Task brief — Excluding pictures, transcribe precisely the lines from the one containing "46 Zentren wurden" to the final line of the listing below, inclusive, and nothing more.

Exercise data —
-------------------------

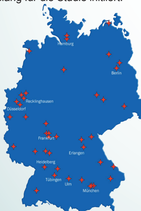
Abb. 1: Bundesweite Verteilung der initiierten Studienzentren

46 Zentren wurden bislang für die Studie initiiert.
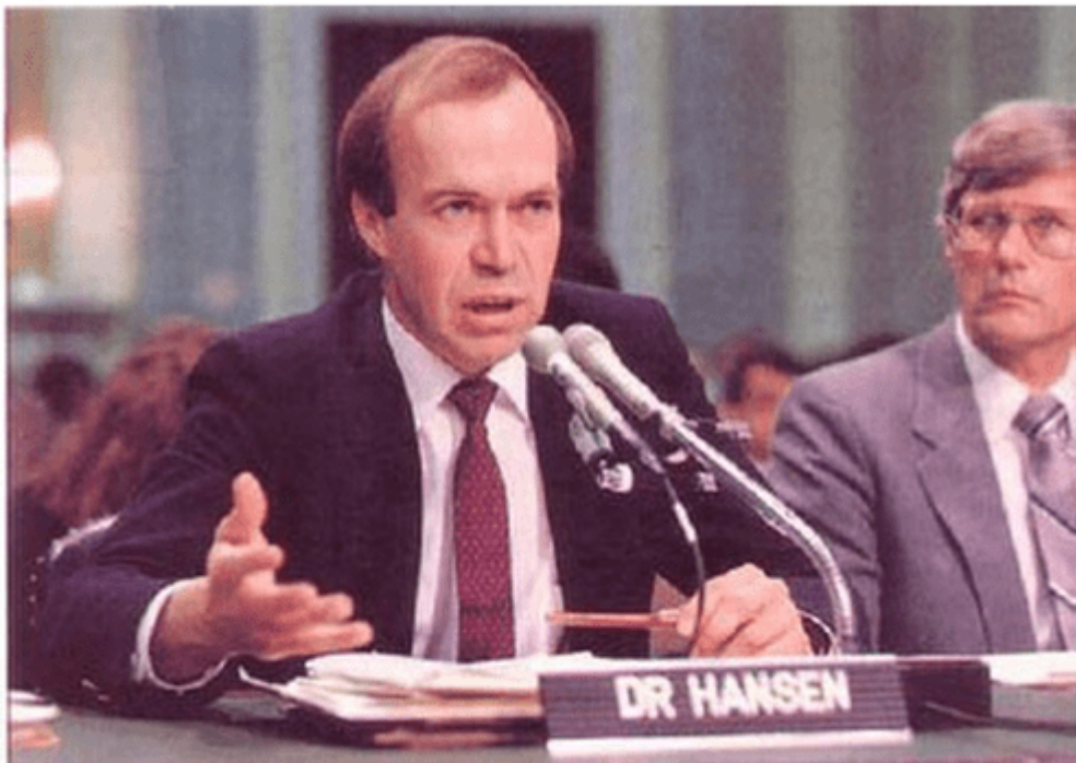
James Hansen, 1988 Senate Testimony

Im Juni 1988 hielt Senator Tim Wirth, damals Vorsitzender des Ausschusses für Energie und natürliche Ressourcen, die allererste Anhörung über die Wissenschaft des Klimawandels ab. Dr. James Hansen, Leiter eines Computermodellierungsteams bei der NASA, sagte aus , dass er „... zu 99 Prozent davon überzeugt ist, dass die Welt tatsächlich wärmer wird und dass dies mit hoher Wahrscheinlichkeit auf die vom Menschen verursachten Treibhausgase zurückzuführen ist.“

-------------------------

Answer —
46 Zentren wurden bislang für die Studie initiiert.
James Hansen, 1988 Senate Testimony

Im Juni 1988 hielt Senator Tim Wirth, damals Vorsitzender des Ausschusses für Energie und natürliche Ressourcen, die allererste Anhörung über die Wissenschaft des Klimawandels ab. Dr. James Hansen, Leiter eines Computermodellierungsteams bei der NASA, sagte aus , dass er „... zu 99 Prozent davon überzeugt ist, dass die Welt tatsächlich wärmer wird und dass dies mit hoher Wahrscheinlichkeit auf die vom Menschen verursachten Treibhausgase zurückzuführen ist.“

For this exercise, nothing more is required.